● **WORK ITEM**
Would you please return the data below verbatim, without its pictures?

● **Extracted records**
>>>>

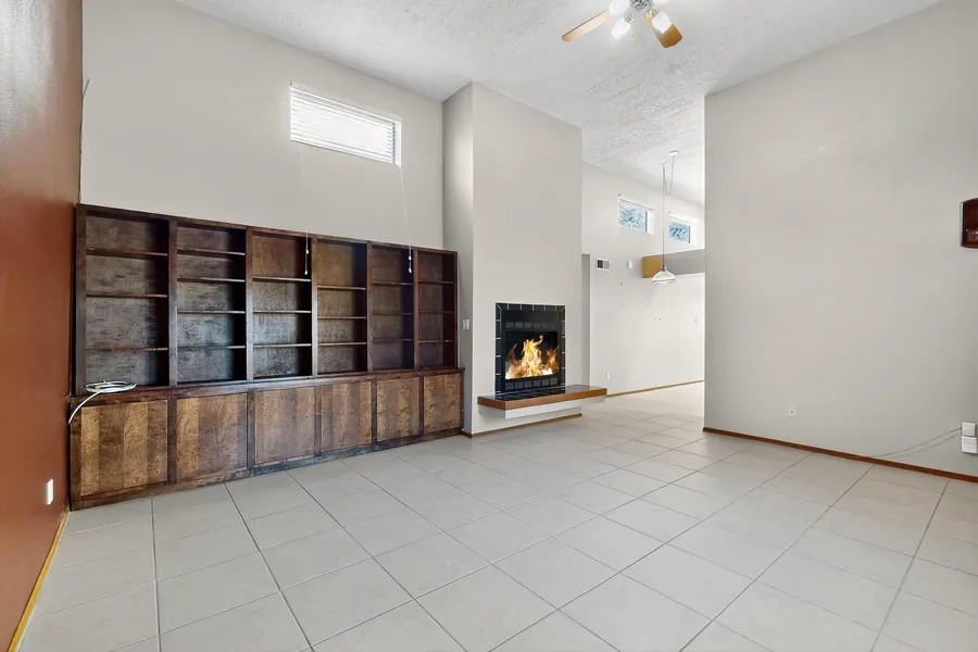 This beautifully, well-maintained single-level two-bedroom home is located near schools, shopping, a park, and a train stop. High ceilings with clearstory windows bring in much natural light, and the woodburning fireplace welcomes you with a great first impression. Two custom patios create a large entertainment area with great sunset views and a peaceful arroyo. There are cherry & pear trees as well as grape vines in the low maintenance backyard.
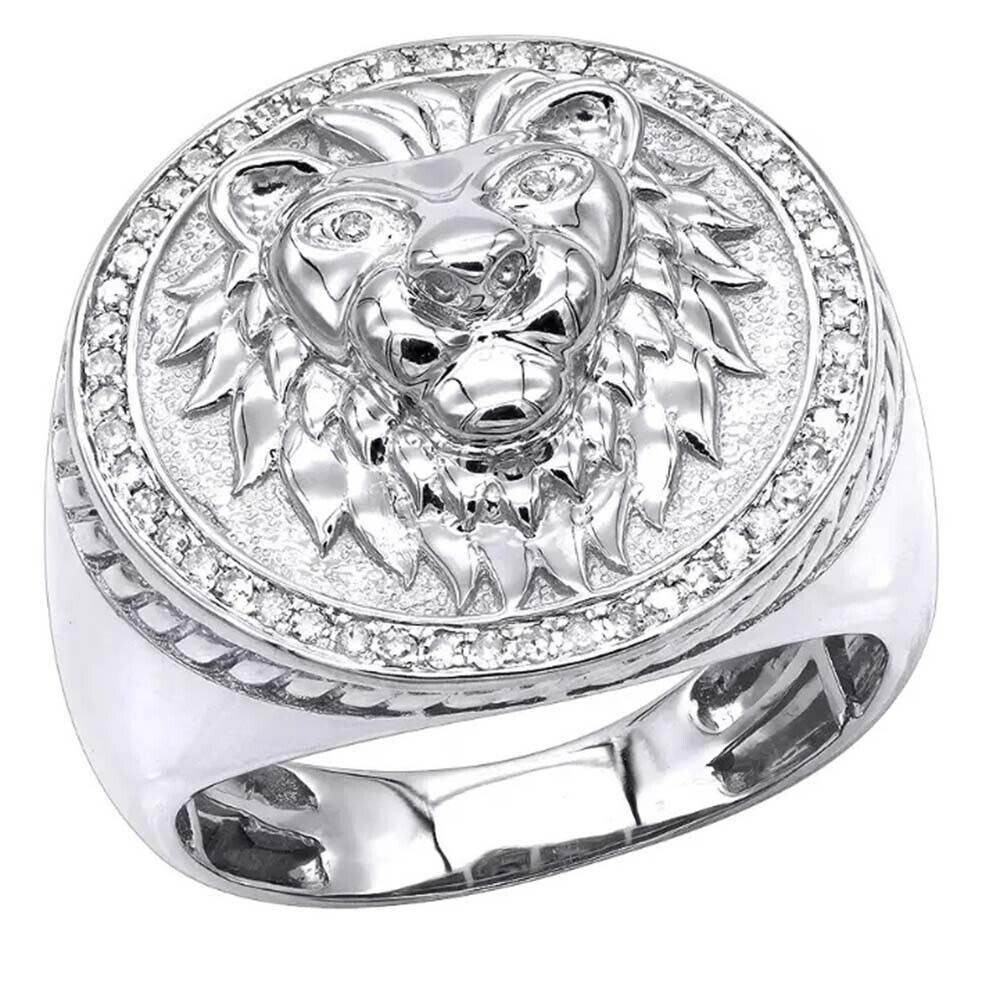 - 0.30 Ct Brilliant Moissanite 14K White Gold Over Lion Head Band Pinky Men's Ring
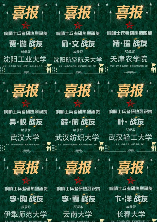 ▷ 7、班主任老师代表士兵计划考研上岸,现从事班主任辅导。
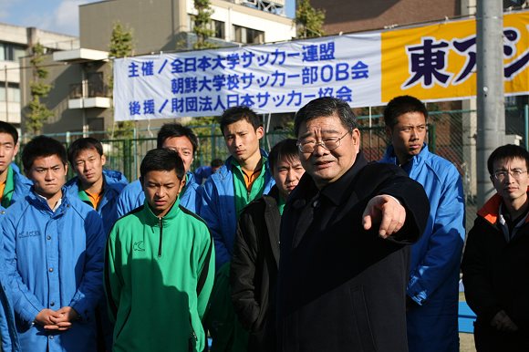 在爭奪第三名的比賽開始之前,我校足球隊總教練金志揚教授總結了上一場比賽的得失,并就本場比賽的對手韓國漢陽大學足球隊的特點進行了認真的分析,金志揚教授主張球隊要想取得更好的成績,想在明年的國內甲級比賽中站穩腳跟,必須進行創新與改革。韓國漢陽大學也好,朝鮮大學也好,其打法與特點都與日本駒澤大學相似,這次比賽大家要有充分的心理準備,要以快治快,以拼治拼,看看自己的比賽節奏和拼搶技術能否與對方看齊,并爭取抓住場上的每一次機會,力爭先發制人,盡量讓對方不適應我們調整后的新節奏,當然這種嘗試打法需要大家統一思想,在場上盡自己最大的努力去跑去拼去搶,不能有絲毫的猶豫,無論最后結果如何,只要大家盡力了,這樣我們就不僅能從對手身上學到足球發展新的理念,而且可以把它與自己的技戰術結合起來。
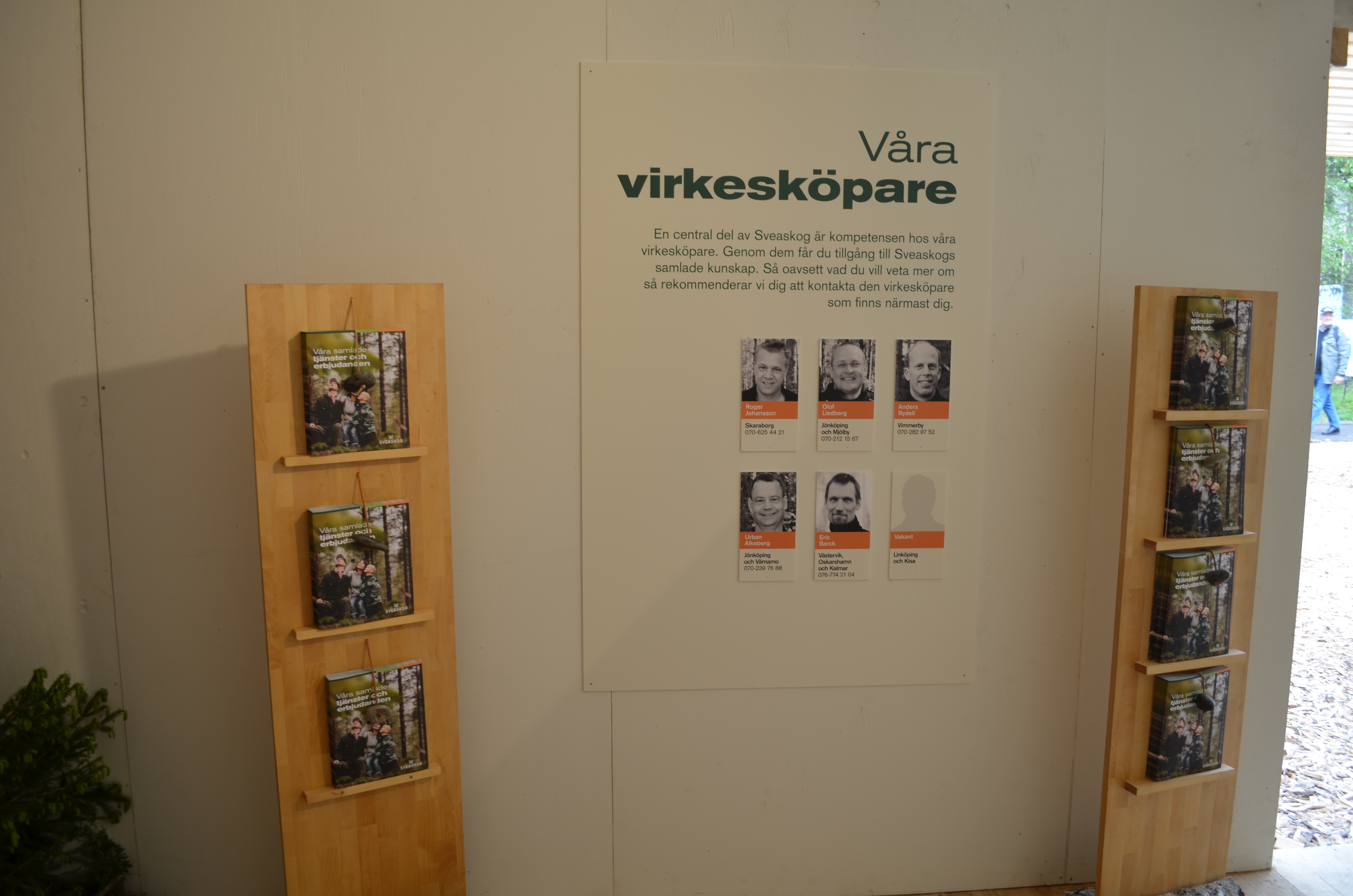 - Beskrivning: Del av Sveaskog monter, annonser, marknadsföring, Sveaskog på SkogsElmia, skogsmässa, jönköping,
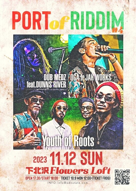 SCHEDULE 2023 11 12 Sunday PORT of RIDDIM #4 OPEN 17:30 - START 18:00 Tweet 出演: Youth of Roots DUB MEDZ feat. DUNNS RIVER OGA fr.JAH WORKS TICKETチケット 前売り ¥4,000 (D別) 10/9 12:00 より以下にて発売開始 https://ticket-frog.com/e/portofriddim_4 Share

<<<<

● **WRITTEN SOLUTION**
 This beautifully, well-maintained single-level two-bedroom home is located near schools, shopping, a park, and a train stop. High ceilings with clearstory windows bring in much natural light, and the woodburning fireplace welcomes you with a great first impression. Two custom patios create a large entertainment area with great sunset views and a peaceful arroyo. There are cherry & pear trees as well as grape vines in the low maintenance backyard.
 - 0.30 Ct Brilliant Moissanite 14K White Gold Over Lion Head Band Pinky Men's Ring
 ▷ 7、班主任老师代表士兵计划考研上岸,现从事班主任辅导。
 在爭奪第三名的比賽開始之前,我校足球隊總教練金志揚教授總結了上一場比賽的得失,并就本場比賽的對手韓國漢陽大學足球隊的特點進行了認真的分析,金志揚教授主張球隊要想取得更好的成績,想在明年的國內甲級比賽中站穩腳跟,必須進行創新與改革。韓國漢陽大學也好,朝鮮大學也好,其打法與特點都與日本駒澤大學相似,這次比賽大家要有充分的心理準備,要以快治快,以拼治拼,看看自己的比賽節奏和拼搶技術能否與對方看齊,并爭取抓住場上的每一次機會,力爭先發制人,盡量讓對方不適應我們調整后的新節奏,當然這種嘗試打法需要大家統一思想,在場上盡自己最大的努力去跑去拼去搶,不能有絲毫的猶豫,無論最后結果如何,只要大家盡力了,這樣我們就不僅能從對手身上學到足球發展新的理念,而且可以把它與自己的技戰術結合起來。
 - Beskrivning: Del av Sveaskog monter, annonser, marknadsföring, Sveaskog på SkogsElmia, skogsmässa, jönköping,
 SCHEDULE 2023 11 12 Sunday PORT of RIDDIM #4 OPEN 17:30 - START 18:00 Tweet 出演: Youth of Roots DUB MEDZ feat. DUNNS RIVER OGA fr.JAH WORKS TICKETチケット 前売り ¥4,000 (D別) 10/9 12:00 より以下にて発売開始 https://ticket-frog.com/e/portofriddim_4 Share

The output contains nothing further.